Champlin told Batt that his mother suffers from dementia, and said she'd agreed to let him use her money for himself. However, Batt interviewed the woman and found her "sharp and mentally alert," according to the report. Batt said she was "shocked" to find out he'd been using her money and had never authorized him to do so.
"I told Mark that a review of the bank records indicated that Mark's entire life expenses were paid with (his mother's) account. I told Mark it appeared to me that he took advantage of his mother" Batt says in his report. "I explained that it would be hard for any reasonable person to agree that 'when times are tough' it is reasonable to take vacations, eat out at restaurants, receive spa treatments, etc. I also told him it would not be reasonable to 'pay down' the principal balance of the mortgage on a home, when he is making claims that he needs to borrow to make ends meet."

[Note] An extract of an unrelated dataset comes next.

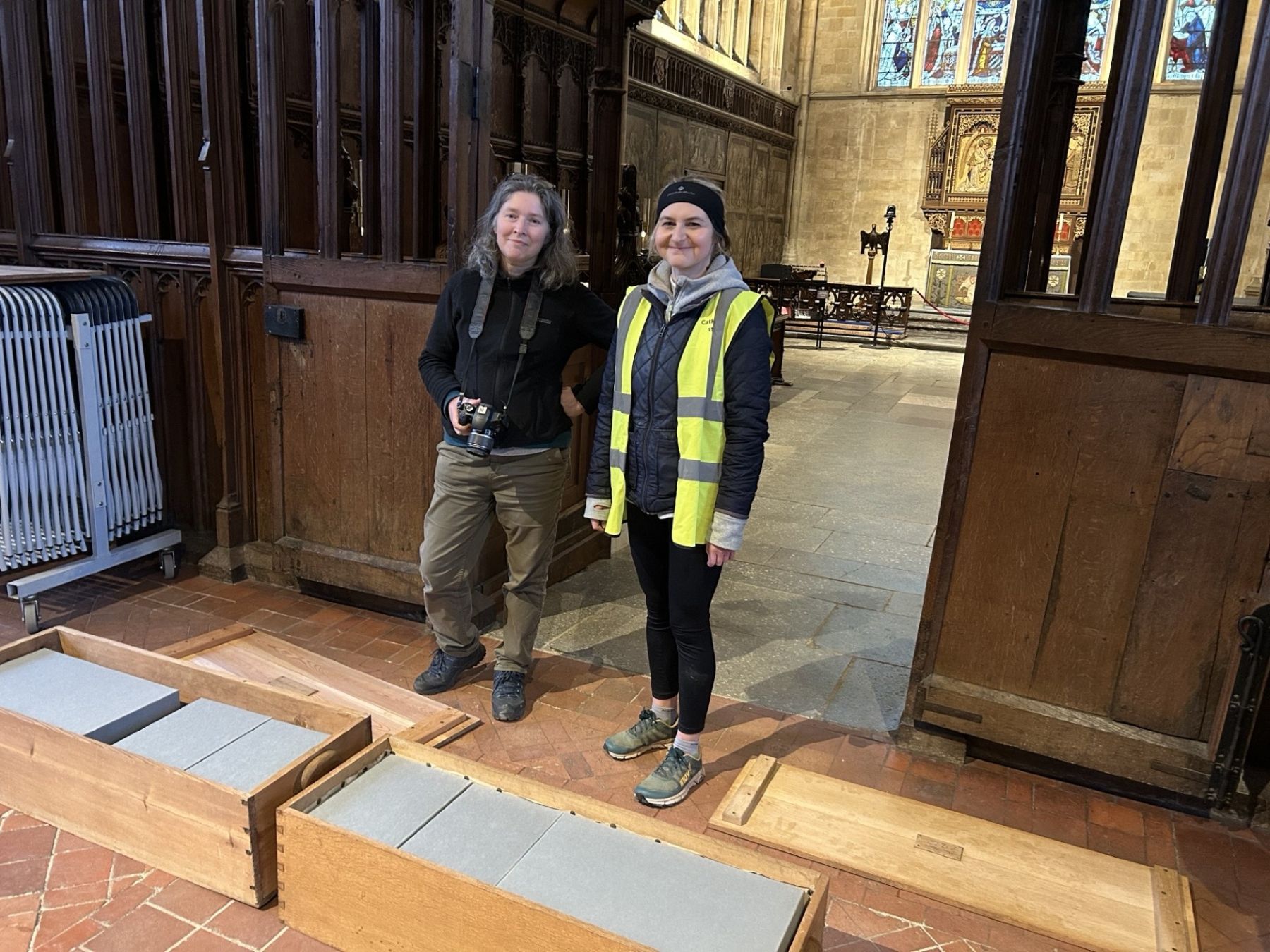 Dr Heidi Dawson-Hobbis, Senior Lecturer in Biological Anthropology at the University of Winchester, and Cathedral Curator Eleanor Swire with some of the wooden internal bone boxes

Batt also said Champlin also paid little attention to his mother, and that he knew little about her physical condition.
Under current state law, he'll only serve 50% of his sentence, and could be eligible for release as early as March 2015.
Meanwhile, a jury found his wife, D'Arsi Champlin, 48, guilty of 11 related felonies. She's set to be sentenced July 12 at Hayward Hall of Justice for five counts of grand theft, five counts of theft from an elder, and one count of receiving stolen property.